View the assignment here

$\newcommand{\vect}{\boldsymbol{\mathbf{#1}}}$ The loss function for logistic regression is defined by $$J\left( \vect \theta \right) = - \log p\left( \vect y | \vect X, \vect \theta \right)= -\sum _{i=1} ^n y_i \log \pi_i + (1-y_i)\log (1 - \pi_i)$$ where $\pi_i=\frac{1}{1+\exp(-\vect \theta^T \vect x_i)} = \frac{\exp(-\vect \theta^T \vect x_i)}{1+\exp(\vect \theta^T \vect x_i)}$, $\vect y \in \mathbb{R}^{n \times 1}$, $\vect \theta \in \mathbb{R}^{d \times 1}$ and $\vect X \in \mathbb{R}^{n \times d}$.
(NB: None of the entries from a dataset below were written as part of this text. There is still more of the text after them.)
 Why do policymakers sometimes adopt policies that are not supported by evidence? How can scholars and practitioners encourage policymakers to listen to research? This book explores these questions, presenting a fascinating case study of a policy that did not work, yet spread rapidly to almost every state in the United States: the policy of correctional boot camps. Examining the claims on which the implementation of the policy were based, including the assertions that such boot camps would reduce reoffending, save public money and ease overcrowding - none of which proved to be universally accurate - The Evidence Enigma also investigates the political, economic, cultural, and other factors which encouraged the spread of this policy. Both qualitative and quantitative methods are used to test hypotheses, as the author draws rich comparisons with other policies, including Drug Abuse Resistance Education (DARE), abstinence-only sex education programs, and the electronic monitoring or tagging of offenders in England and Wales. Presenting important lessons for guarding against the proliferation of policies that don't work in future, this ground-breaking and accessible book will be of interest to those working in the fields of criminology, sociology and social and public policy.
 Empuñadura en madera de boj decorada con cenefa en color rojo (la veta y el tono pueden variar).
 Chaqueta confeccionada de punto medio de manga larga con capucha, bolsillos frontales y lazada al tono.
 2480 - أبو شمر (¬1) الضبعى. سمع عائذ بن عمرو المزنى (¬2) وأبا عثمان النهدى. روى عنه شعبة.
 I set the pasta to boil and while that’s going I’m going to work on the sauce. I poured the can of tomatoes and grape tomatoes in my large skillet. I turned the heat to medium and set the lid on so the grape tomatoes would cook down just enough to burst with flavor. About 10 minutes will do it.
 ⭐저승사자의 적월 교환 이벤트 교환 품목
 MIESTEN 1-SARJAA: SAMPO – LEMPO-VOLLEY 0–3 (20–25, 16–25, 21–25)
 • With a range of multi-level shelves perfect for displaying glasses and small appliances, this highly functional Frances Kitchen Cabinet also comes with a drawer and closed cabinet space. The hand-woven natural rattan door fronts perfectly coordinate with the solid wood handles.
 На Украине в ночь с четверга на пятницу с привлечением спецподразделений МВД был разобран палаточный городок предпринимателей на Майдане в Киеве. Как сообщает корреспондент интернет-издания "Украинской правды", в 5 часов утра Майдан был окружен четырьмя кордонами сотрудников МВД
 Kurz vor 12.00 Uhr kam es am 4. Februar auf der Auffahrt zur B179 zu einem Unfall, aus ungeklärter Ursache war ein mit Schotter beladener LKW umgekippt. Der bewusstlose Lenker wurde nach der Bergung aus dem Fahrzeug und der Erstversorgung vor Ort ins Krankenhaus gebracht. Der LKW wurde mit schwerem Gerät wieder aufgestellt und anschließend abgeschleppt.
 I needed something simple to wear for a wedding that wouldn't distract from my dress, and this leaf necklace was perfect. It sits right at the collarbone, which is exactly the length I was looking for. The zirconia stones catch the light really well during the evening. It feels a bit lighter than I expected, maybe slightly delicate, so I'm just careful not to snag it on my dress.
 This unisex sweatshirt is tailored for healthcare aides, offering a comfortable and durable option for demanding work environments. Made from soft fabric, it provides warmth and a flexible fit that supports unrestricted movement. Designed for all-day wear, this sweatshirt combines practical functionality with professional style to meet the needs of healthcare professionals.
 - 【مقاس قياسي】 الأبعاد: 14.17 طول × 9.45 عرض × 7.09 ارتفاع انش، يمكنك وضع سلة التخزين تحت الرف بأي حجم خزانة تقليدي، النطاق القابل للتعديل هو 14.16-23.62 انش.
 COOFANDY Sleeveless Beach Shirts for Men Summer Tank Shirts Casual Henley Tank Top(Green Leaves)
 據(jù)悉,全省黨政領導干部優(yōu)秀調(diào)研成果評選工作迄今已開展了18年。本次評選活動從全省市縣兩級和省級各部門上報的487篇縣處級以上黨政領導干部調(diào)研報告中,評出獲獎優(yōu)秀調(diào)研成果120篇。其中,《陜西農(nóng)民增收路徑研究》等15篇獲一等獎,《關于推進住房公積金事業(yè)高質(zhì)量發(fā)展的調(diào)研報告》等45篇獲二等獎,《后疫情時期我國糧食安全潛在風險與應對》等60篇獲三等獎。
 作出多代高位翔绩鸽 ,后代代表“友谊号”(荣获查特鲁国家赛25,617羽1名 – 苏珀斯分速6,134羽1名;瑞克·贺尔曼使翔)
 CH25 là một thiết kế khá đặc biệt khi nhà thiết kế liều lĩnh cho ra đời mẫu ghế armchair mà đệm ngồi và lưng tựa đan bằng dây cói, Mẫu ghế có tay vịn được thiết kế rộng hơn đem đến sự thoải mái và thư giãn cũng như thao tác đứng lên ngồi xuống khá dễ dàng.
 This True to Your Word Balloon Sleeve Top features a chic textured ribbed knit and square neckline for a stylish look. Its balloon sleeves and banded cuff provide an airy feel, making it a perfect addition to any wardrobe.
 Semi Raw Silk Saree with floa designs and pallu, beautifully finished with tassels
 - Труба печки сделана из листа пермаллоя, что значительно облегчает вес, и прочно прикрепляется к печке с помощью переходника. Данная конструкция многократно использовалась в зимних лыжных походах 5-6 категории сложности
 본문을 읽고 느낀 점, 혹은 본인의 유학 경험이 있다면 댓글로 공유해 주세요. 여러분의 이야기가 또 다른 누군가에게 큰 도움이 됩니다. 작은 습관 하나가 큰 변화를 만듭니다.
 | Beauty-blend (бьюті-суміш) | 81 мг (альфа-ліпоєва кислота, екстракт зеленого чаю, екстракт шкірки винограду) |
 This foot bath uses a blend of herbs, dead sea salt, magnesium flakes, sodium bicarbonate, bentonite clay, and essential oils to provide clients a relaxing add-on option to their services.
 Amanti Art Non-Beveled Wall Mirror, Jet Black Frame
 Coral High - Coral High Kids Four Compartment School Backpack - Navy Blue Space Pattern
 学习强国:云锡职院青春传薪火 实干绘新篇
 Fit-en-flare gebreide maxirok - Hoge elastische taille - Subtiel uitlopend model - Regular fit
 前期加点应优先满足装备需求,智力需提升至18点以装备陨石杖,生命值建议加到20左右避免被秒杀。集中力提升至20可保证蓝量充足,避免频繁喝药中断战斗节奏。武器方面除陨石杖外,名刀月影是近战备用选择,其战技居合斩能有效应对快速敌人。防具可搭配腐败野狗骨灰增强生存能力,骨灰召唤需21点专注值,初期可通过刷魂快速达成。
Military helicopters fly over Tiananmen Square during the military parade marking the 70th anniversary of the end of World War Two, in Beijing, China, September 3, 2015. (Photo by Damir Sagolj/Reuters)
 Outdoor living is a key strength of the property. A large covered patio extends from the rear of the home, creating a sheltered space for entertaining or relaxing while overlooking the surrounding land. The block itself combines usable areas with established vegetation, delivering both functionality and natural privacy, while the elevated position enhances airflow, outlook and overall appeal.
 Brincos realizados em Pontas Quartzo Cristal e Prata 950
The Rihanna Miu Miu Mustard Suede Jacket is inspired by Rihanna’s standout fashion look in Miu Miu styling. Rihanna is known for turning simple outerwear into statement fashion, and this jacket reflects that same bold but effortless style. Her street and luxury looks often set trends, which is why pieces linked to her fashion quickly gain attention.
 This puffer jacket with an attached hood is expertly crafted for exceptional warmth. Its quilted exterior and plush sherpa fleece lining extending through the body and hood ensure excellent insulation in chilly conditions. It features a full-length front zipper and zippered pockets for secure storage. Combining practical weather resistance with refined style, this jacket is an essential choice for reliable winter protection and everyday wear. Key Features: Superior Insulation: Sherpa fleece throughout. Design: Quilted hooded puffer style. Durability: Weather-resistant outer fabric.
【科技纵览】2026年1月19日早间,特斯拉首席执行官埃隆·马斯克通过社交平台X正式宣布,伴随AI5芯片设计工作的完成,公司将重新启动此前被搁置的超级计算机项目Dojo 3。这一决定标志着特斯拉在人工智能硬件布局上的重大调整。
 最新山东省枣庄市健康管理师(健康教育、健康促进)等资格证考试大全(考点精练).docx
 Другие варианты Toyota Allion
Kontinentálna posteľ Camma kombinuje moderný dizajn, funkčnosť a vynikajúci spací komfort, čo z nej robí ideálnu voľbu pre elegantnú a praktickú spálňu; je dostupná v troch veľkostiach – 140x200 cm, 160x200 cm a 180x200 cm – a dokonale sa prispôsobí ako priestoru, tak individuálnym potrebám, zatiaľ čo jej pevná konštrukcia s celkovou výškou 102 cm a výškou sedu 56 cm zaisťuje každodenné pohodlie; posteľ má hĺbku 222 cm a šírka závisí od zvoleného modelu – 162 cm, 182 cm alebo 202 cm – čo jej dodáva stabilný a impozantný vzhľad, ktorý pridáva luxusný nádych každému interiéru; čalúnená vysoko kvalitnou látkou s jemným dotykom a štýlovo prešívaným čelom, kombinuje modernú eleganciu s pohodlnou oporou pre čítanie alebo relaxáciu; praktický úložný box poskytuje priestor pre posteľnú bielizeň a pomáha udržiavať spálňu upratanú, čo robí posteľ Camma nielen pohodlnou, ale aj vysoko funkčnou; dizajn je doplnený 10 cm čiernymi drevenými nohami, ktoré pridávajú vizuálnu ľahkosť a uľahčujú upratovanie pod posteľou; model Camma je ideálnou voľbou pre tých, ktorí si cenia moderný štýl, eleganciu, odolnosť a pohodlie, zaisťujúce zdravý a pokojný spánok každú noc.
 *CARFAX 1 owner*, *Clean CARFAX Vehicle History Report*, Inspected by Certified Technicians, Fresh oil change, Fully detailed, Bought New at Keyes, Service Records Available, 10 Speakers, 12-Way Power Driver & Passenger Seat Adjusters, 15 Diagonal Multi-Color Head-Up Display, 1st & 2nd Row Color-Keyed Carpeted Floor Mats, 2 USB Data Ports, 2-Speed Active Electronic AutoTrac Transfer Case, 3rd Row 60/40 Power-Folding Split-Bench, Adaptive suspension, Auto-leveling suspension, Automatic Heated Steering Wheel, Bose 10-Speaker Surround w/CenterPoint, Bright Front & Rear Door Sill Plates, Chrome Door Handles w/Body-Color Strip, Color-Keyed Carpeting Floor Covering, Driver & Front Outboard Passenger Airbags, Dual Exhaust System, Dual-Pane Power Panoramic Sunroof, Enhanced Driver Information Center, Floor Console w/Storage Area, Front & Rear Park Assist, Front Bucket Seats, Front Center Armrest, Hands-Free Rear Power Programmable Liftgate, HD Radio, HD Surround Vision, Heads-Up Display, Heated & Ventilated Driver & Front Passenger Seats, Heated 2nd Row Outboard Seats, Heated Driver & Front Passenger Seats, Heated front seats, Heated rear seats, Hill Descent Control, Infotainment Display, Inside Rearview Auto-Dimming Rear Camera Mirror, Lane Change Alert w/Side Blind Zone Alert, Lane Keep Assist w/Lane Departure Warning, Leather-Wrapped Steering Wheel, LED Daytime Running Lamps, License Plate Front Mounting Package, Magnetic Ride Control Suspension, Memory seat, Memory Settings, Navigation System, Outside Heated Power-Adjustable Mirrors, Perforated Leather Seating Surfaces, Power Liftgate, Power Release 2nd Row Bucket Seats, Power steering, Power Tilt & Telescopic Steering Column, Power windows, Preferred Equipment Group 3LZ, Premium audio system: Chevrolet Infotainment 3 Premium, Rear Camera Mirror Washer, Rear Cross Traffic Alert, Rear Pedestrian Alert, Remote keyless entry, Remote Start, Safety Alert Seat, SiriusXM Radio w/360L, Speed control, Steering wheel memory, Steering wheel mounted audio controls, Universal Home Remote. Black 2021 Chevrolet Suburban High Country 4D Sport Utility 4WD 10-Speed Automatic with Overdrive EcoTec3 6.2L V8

By algebraic manipulation it can be written as $$J(\vect \theta) = \sum _{i=1} ^n \log(\exp(\vect \theta^T \vect x_i) + 1) - y_i \vect \theta^T \vect x_i$$

Then the gradient is $$\vect g(\vect \theta) = \frac{\partial}{\partial \vect \theta} J(\vect \theta) = \sum _{i=1}^n \frac{1}{\exp(\vect \theta^T \vect x_i) + 1} \exp(\vect \theta^T \vect x_i) \vect x_i^T - y_i\vect x_i^T$$ $$=\sum_{i=1}^n \vect x_i^T (\pi_i - y_i) = \vect X^T (\vect \pi - \vect y)$$

And the Hessian is $$\frac{\partial}{\partial \vect \theta} \vect g(\vect \theta)^T = \frac{\partial}{\partial \vect \theta} \sum _{i=1}^n \left( \frac{1}{1+\exp(-\vect \theta^T \vect x_i)} - y_i\right) \vect x_i$$ $$= \sum _{i=1}^n \frac {\exp(-\vect \theta^T \vect x_i)\vect x_i } {\left( 1 + \exp(-\vect \theta^T \vect x_i) \right)^2} \vect x_i^T = \sum _{i=1}^n \pi_i (1 - \pi_i)\vect x_i \vect x_i^T= \vect X^T diag(\pi_i(1-\pi_i))\vect X$$